Die Hard concerns the adventures of NYPD cop John McClane, whose
estranged wife, Holly, has taken a job for the Nakatomi Corp. in L.A. In
an attempt to reconcile with his wife, John travels to L.A. to meet Holly
at her office, a visit which coincides with a Christmas party Holly's company
is throwing.
As McClane goes up to his wife's office, Alan Rickman, playing European
terrorist/thief Hans Gruber, who has his eye on the millions of dollars
in negotiable bearer bonds the Nakatomi Corp. has in its safe, takes over
the Nakatomi building and all the partiers are held as hostages, including
Holly McClane, but not John, who proceeds to kick some German terrorist
ass, killing the terrorists one at a time and dispatching Hans Gruber by
launching him out a high window.
Die Hard 2 - Die Harder is set in Washington D.C., where U.S. military
extremists, working under the command of a jailed Colombian drug czar and
military leader, have taken over control of Dulles Airports' runway lights
control tower and are threatening to crash-land airplanes until the General
Drug lord is released into their custody.
John McClane is waiting at the airport for Holly, who is on one of the
planes endlessly circling Dulles Airport. Since ole John is a 'can-do'
kinda guy, he foils the plot to crash his wife and hundreds of others by
again kicking terrorist ass. One of the notable parts in the film (a non
speaking role) went to the guy who played the liquid metal Terminator in
Terminator
2. But he dies fairly soon into the festivities. McClane stays one
step ahead of the terrorists, airport personnel and the U.S. Army and saves
the day, his wife and the hundreds of other airplane passengers.
Die Hard 3 With a Vengeance is clearly the best in the series. Set
in New York, it concerns John being forced by a 'mad' bomber to perform
certain tasks, including getting undressed and hanging a sandwich board
on himself that says, "I Hate (the N- word)". Then he has to go to Harlem
and stand around.
Samuel L. Jackson plays Zeus Carver, the angry owner of an electronics
store in Harlem, who sees McClane and helps him get away before he can
be torn apart by Harlem street kids, involving himself in the Bomber's
(Simon's) plans for McClane. But bombs aren't all Simon has on his mind.

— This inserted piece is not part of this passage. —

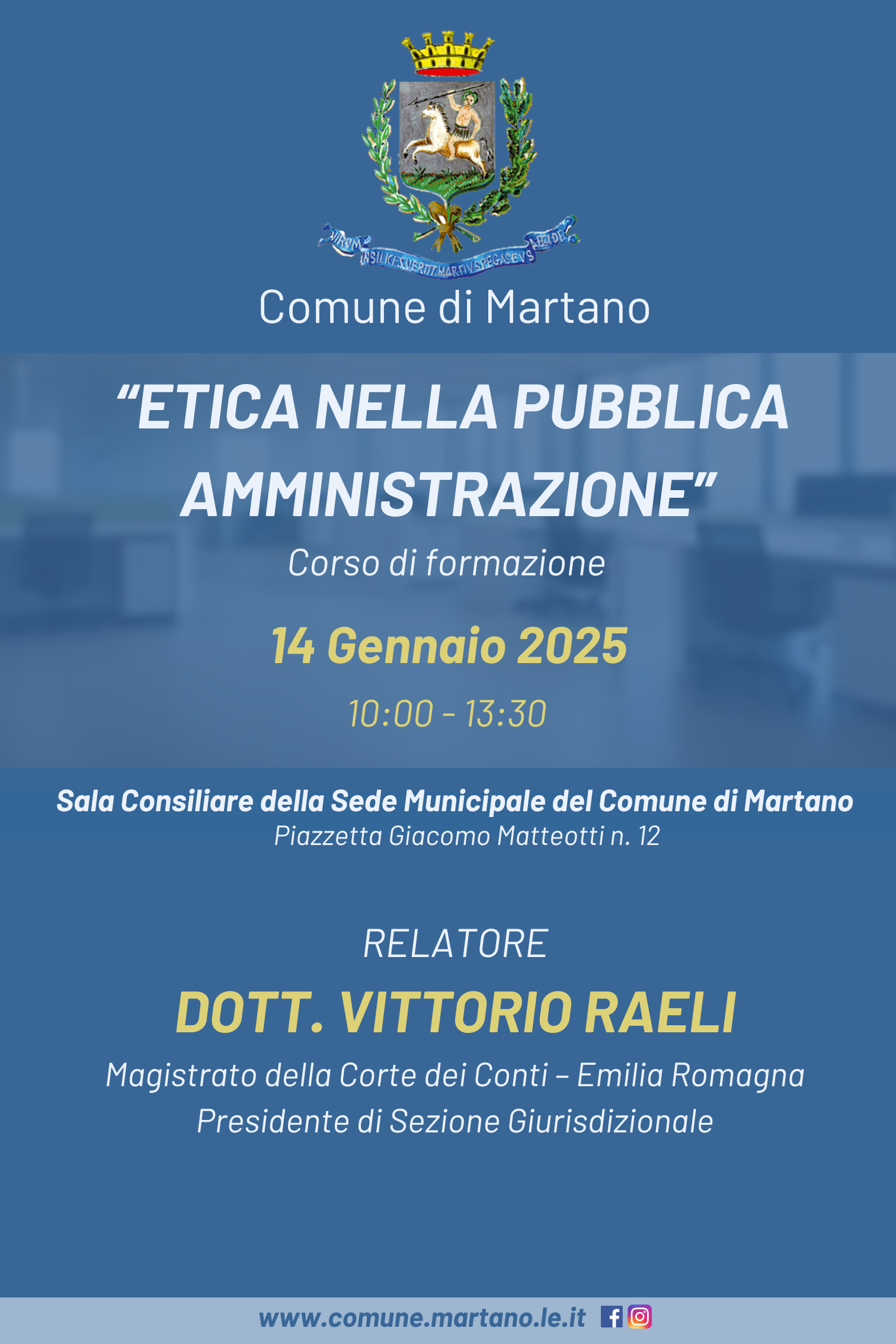 "Etica nella pubblica amministrazione" Corso di formazione. 14 Gennaio 2025 dalle ore 10:00 alle 13:30 presso la Sala Consiliare del Palazzo Municipale del Comune di Martano

It turns out Simon had a brother. Hans Gruber. And he also has his eye
on the billions in gold bullion kept on deposit in New York's Federal Depository,
located on Wall Street, site of a subway bombing just moments before....
with Zeus Carver keeping company with him the whole way and Simon doing
his best to avoid McClane's "investigative" skills, Simon has an ingenious
plan to rob the depository and eliminate McClane at the same time....
The Die Hard trilogy is some of the
best action ever filmed. Although Willis can't really act, he plays McClane
flawlessly, if a little too resiliently. He survives explosions, drownings,
locusts, bullets, hooks, metal cables, he is catapulted out of a military
transport plane (which is on the ground) and parachutes back to the ground
safely (NEVER happen), hand grenades, burning jet fuel, the best fighters
the military can produce, machine guns on snowmobile, helicopters exploding
over his head, among many other amazing and unsurvivable threats and weapons.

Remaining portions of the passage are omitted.